COOPER: Sorry, in fact, like we have him saying that. I just want to play that for our viewers in case they missed it from the press conference.

(BEGIN VIDEO CLIP) TRUMP: They have great beaches. You see that whenever they're exploding their cannons into the ocean, right? I said, boy, look at that view, wouldn't that make a great condo behind? And I explained and I said, you know, instead of doing that, you could have the best hotels in the world right there. Think of it from a real estate perspective.


COOPER: They talked about a location between South Korea and China being an ideal location.

AMANPOUR: Yes, and, of course, it is. I mean, it's fabulous real estate around here. But there are actual questions as to whether Kim actually would want to liberalize like that and thus further threaten his own survival once the people get a taste of something that's different than a hermit kingdom and then a totalitarian regime. So I think that's a real big question as Joseph was saying.

And I think also that, you know, we've been really trying to understand and delve into everything that was said in the press conference. And one thing that always comes up is that certainly with this presidency, that what he does is better, more effective, more comprehensive, smarter than any other president in the history of the United States of America.

And I think what we've seen and we've discussed this that none -- this declaration was definitely not up to what many others have signed, and I also think that it's a real shame that the partisanship in America because other presidents have offered to meet with the North Korean leadership and have been trashed. They were Democratic presidents, people like President Obama.

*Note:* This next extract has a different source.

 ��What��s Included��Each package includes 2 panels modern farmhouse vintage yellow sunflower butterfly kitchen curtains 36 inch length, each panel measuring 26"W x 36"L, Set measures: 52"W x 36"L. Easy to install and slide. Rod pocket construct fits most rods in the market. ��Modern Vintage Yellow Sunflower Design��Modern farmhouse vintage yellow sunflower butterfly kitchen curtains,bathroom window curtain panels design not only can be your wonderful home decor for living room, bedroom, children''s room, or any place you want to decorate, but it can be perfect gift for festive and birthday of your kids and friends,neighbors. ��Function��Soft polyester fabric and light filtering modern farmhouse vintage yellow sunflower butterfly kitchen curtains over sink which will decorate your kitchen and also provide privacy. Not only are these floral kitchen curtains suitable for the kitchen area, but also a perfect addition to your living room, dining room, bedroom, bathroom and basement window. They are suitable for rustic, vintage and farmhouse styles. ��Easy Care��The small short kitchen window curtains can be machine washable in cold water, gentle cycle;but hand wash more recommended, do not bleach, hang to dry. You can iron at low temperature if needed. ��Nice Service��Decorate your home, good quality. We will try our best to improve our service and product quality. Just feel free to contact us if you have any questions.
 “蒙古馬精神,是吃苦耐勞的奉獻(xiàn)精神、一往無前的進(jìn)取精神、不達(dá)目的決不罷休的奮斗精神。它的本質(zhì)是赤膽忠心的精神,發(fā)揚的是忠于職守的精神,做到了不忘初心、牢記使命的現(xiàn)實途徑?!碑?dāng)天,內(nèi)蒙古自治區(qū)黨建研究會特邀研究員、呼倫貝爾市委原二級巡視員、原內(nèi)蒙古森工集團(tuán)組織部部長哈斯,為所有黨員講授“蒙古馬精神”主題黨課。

And even recently President Clinton has been saying on his recent sort of book tour that in 2000, he was invited, he would have met with Kim Jong-il, but he was so busy doing at that time the Camp David, trying to get the Israelis and the Palestinians together in 2000, that he felt that he had to try to, you know, get that bird in hand. Of course, it failed that effect, but he never came to me, but he was willing to meet with Kim Jong-il as well.

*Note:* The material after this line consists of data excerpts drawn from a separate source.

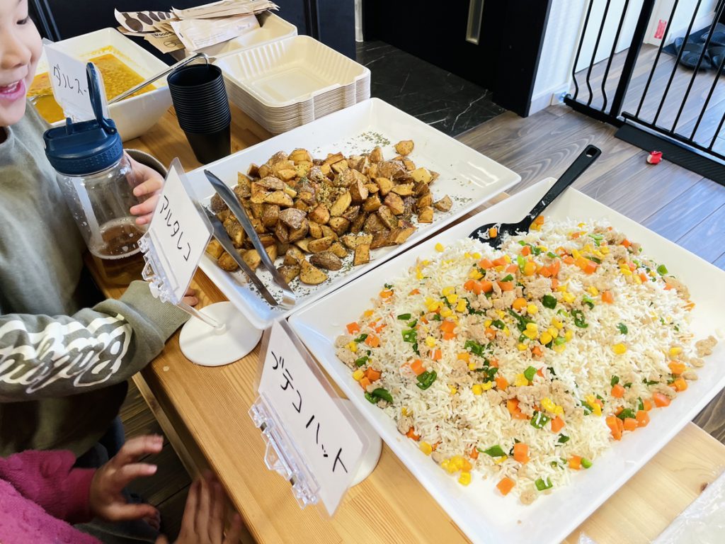 色鮮やかに盛り付けられた大皿に子どもも大人も心踊るひととき。
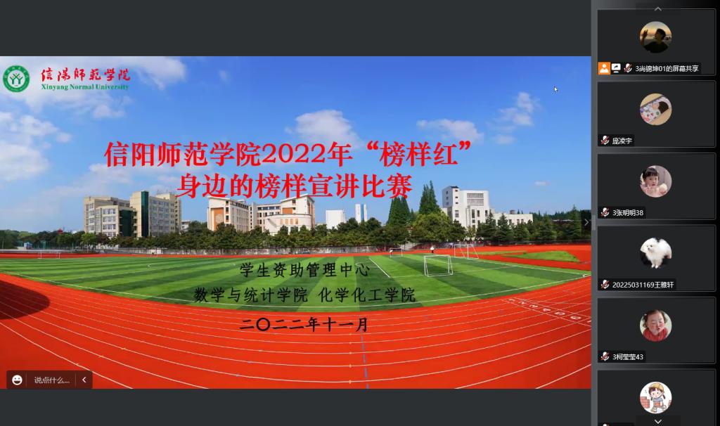 为进一步贯彻落实资助育人工作要求,全面落实国家资助政策,发挥榜样示范引领作用,学习榜样事迹、发挥榜样力量、争当榜样的浓厚氛围,进一步加大学生资助宣传力度,扩大宣传效果,2022年身边的榜样宣讲活动于11月30日以线上腾讯会议形式开展,hg皇冠官网资助专员杨帆老师、化学化工学院资助专员赵方方老师以及两院两百余名学生参加此次会议。
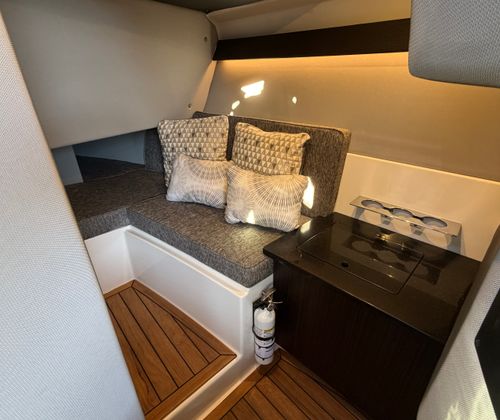 The Cobalt R33 Surf is designed with practicality in mind, offering solutions that make ownership both enjoyable and convenient. The spacious layout provides ample storage for gear, water toys, and personal items, keeping the deck clutter-free and organized. The easy-access boarding door simplifies docking and boarding, while the dual engines offer reliable power and maneuverability for navigating marinas and tight spaces.Fuel efficiency is a hallmark of Cobalt engineering, ensuring that you can spend more time enjoying the water and less time refueling. The battery maintainer/charger supports hassle-free maintenance, so you’re always ready for your next outing. The dinette table with multiple receptacles transforms the cockpit and bow into versatile spaces for dining, games, or socializing, adapting to your needs throughout the day.
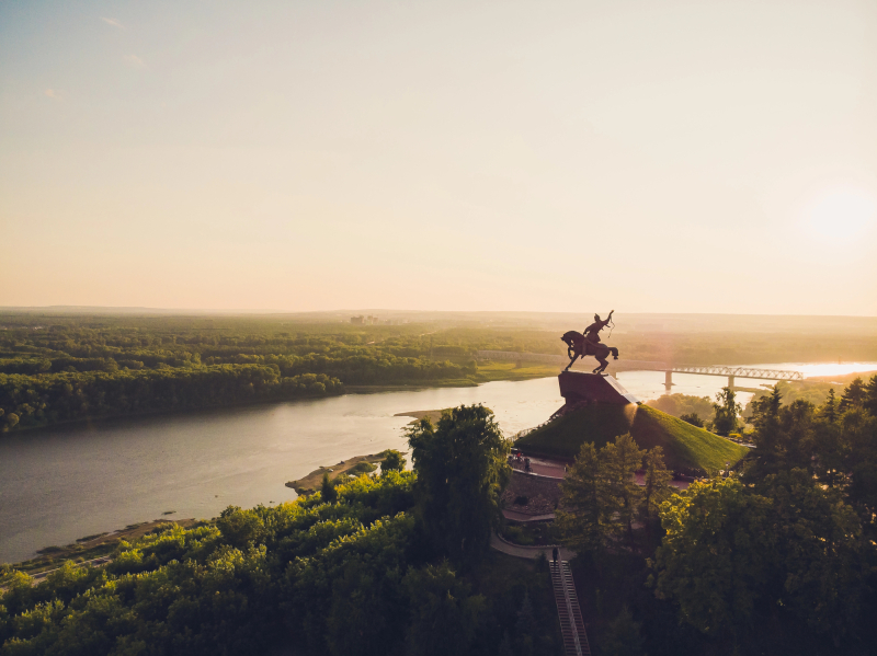 Though the city may seem large, most of the key sights are conveniently located in one area, so you could catch all of them in one long walk. First thing to see is the grand Monument to Salavat Yulaev, a national hero who participated in Pugachev's Rebellion during the reign of Catherine the Great. He was not only a warrior, but also a poet and writer. Actually, you can notice him from afar as soon as you enter the city – the monument is placed on a cliff overlooking the Belaya River.

So, I think, if the U.S. could get past this deeply partisan nature of their foreign policy, it might actually help to have everybody on board to actually have a coherent foreign policy and work on steps between administrations.

COOPER: It is extraordinary, Jim, that the idea of halting these joint military exercises, which have been a critical part of the U.S. South Korea relationship for a very long time in critical to the security of South Korea was not discussed apparently with South Korea prior to the president talking about at the press conference.

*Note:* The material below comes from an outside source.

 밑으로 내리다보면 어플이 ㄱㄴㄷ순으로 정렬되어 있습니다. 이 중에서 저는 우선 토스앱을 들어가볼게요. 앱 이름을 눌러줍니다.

SCIUTTO: Or with his own defense secretary. James Mattis said three hours before this meeting in his words, he spoke with reporters, it would be premature to discuss the removal of troops from the South Korean peninsula. That's the defense secretary.

He understands -- and Lindsey Graham said the same thing, because it's about South Korea security, but it's also about a U.S. military peacekeeping presence and the view of the U.S. in Asia. It's as much about China as it is about North Korea. So, that would be a tremendous concession and a change to the U.S. -- to U.S. power in the region.

And just one more note on the presidency. You know, into the video, I did say when the video came out, I had to check because I thought it was a parody, you know? I honestly thought it was a parody video.

It is -- there is substance behind the message because an essential part of the quid pro quo is, if you enter the world of nations, you can have a wealthier, more prosperous nation. But when you couple that with the president's comments about how tough it was that the situation Kim Jong-un faced when he came to power, how he respects him, he was just 26 years old, it raises real questions about whether the depth of the president's understanding of North Korea, right?

This is a -- this is a brutal dictator, the third in line in a brutal dictatorship who treats his people horribly, still does today, that hasn't changed.

COOPER: There's gulag like prisons, abortions.

SCIUTTO: Forced abortions, you know, killing relatives, right, and sometimes with, you know, chemical weapons, does the president truly imagine that if you offer condos on the beaches that that dynamic is going to change what this leader?

AMANPOUR: I think what's really important right now, the president has been a norm buster. There's no doubt, right? You saw the G-7. We've seen all of this kind of things.

You know, Lindsey Graham summed it up. He really did. He said the president and the Kim Jong-un have put themselves in boxes. Their personal capital is at stake right now.

Everything that President Trump has banked his presidency on, the disruption theory, the chaos theory, the flattery in order to get somewhere else theory, we're going to see whether it works.

[20:25:02] This is an ultimate test case of that method of presidency. And I think that will be a really interesting route as we watch to see whether that works.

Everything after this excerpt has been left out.